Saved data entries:
########

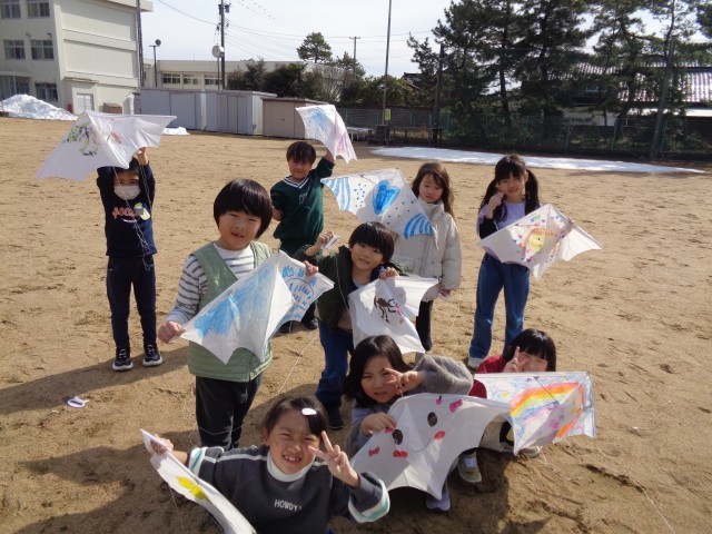 生活科では、凧に好きな絵を描き、凧あげをしました。
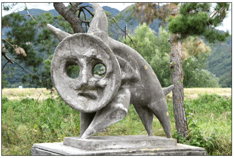 かつての旧更埴市では、昭和60年(1985)から62年(1987)にかけて、東京の多摩美術大学と「モニュメント制作協定」を結び、学生たちによるアート作品を市内の各地に設置しました。その後も設置は続き、平成11年までに合計61点ものモニュメントが誕生しました。
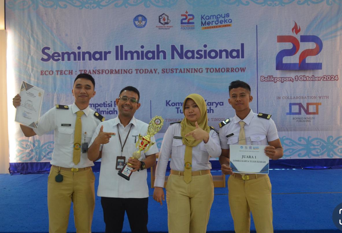 KaltimKita.com, BALIKPAPAN – Tuntas sudah kompetisi lomba poster tingkat SMA se-Kaltim dan karya tulis ilmiah tingkat perguruan tinggi se-Indonesia yang berlangsung di Gedung Terpadu Lantai 4, Selasa (1/10/2024) kemarin. Memeriahkan Dies Natalis ke-22 dengan berkolaborasi bersama Borneo Novelty Publishing, dirangkai dengan Seminar Ilmiah Nasional. Mengundang Kepala Badan Riset Inovasi Daerah Brida Kaltim Dr. M. Ir. H. Fitriansyah, ST, MM dengan moderator Ezra Hartarto P, ST, M.Eng selaku dosen Teknik Sipil Poltekba.
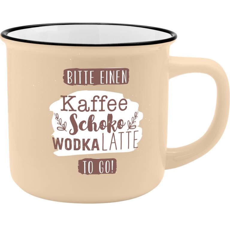 Dank seiner dekorativen Gestaltung in Kombination mit dem passenden Text “Bitte einen Kaffee Schoko Wodka Latte to go!” eignet sich der Trinkbecher wunderbar als kleines Geschenk.
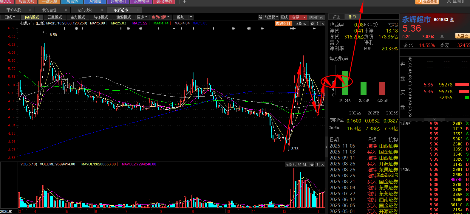 5:今天股票池;放入新票:永辉超市:603933
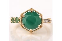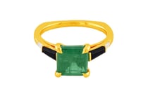9CT YELLOW GOLD EMERALD ONYX AND DIAMOND RING...
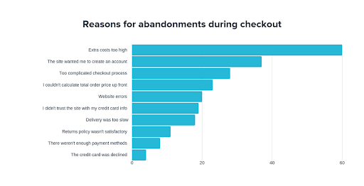 Außerdem möchten Sie vielleicht auch eine kostenlose Lieferung nach Hause anbieten, um Ihre Konversionsrate zu erhöhen. Sehen Sie sich diese Gründe für das Verlassen des Einkaufswagens an und überlegen Sie, wie Sie das Kundenerlebnis in Ihrem E-Commerce-Shop verbessern können.
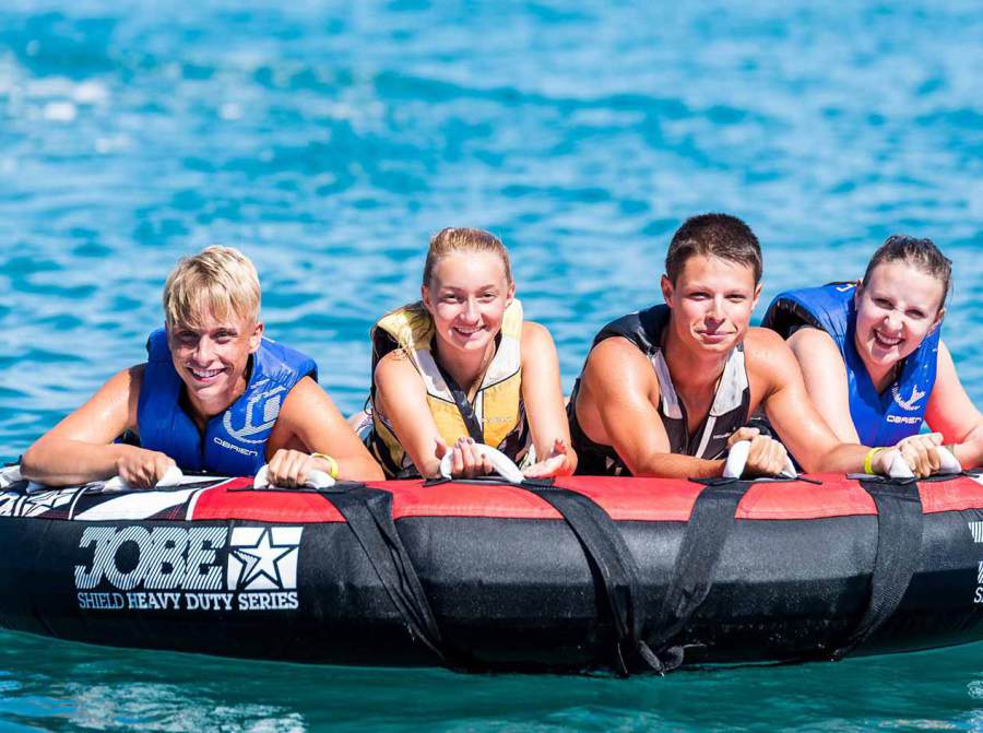 El programa semanal incluye: Una excursión de medio día, un día entero el fin de semana, una tarde de vela y, especialmente, actividades que van cambiando, como circuito de aventura entre los árboles, salto, Aquasplash, bolos, torneo deportivo, etc. El equipo de monitores, presente las 24 horas al día, los 7 días de la semana, también organiza juegos de piscina, anima actividades por las tardes, prepara espectáculos y garantiza la supervisión en la playa.

########

### Action item
Return all records exactly; no pictures.

### Task output
 生活科では、凧に好きな絵を描き、凧あげをしました。
 かつての旧更埴市では、昭和60年(1985)から62年(1987)にかけて、東京の多摩美術大学と「モニュメント制作協定」を結び、学生たちによるアート作品を市内の各地に設置しました。その後も設置は続き、平成11年までに合計61点ものモニュメントが誕生しました。
 KaltimKita.com, BALIKPAPAN – Tuntas sudah kompetisi lomba poster tingkat SMA se-Kaltim dan karya tulis ilmiah tingkat perguruan tinggi se-Indonesia yang berlangsung di Gedung Terpadu Lantai 4, Selasa (1/10/2024) kemarin. Memeriahkan Dies Natalis ke-22 dengan berkolaborasi bersama Borneo Novelty Publishing, dirangkai dengan Seminar Ilmiah Nasional. Mengundang Kepala Badan Riset Inovasi Daerah Brida Kaltim Dr. M. Ir. H. Fitriansyah, ST, MM dengan moderator Ezra Hartarto P, ST, M.Eng selaku dosen Teknik Sipil Poltekba.
 Dank seiner dekorativen Gestaltung in Kombination mit dem passenden Text “Bitte einen Kaffee Schoko Wodka Latte to go!” eignet sich der Trinkbecher wunderbar als kleines Geschenk.
 5:今天股票池;放入新票:永辉超市:603933
9CT YELLOW GOLD EMERALD ONYX AND DIAMOND RING...
 Außerdem möchten Sie vielleicht auch eine kostenlose Lieferung nach Hause anbieten, um Ihre Konversionsrate zu erhöhen. Sehen Sie sich diese Gründe für das Verlassen des Einkaufswagens an und überlegen Sie, wie Sie das Kundenerlebnis in Ihrem E-Commerce-Shop verbessern können.
 El programa semanal incluye: Una excursión de medio día, un día entero el fin de semana, una tarde de vela y, especialmente, actividades que van cambiando, como circuito de aventura entre los árboles, salto, Aquasplash, bolos, torneo deportivo, etc. El equipo de monitores, presente las 24 horas al día, los 7 días de la semana, también organiza juegos de piscina, anima actividades por las tardes, prepara espectáculos y garantiza la supervisión en la playa.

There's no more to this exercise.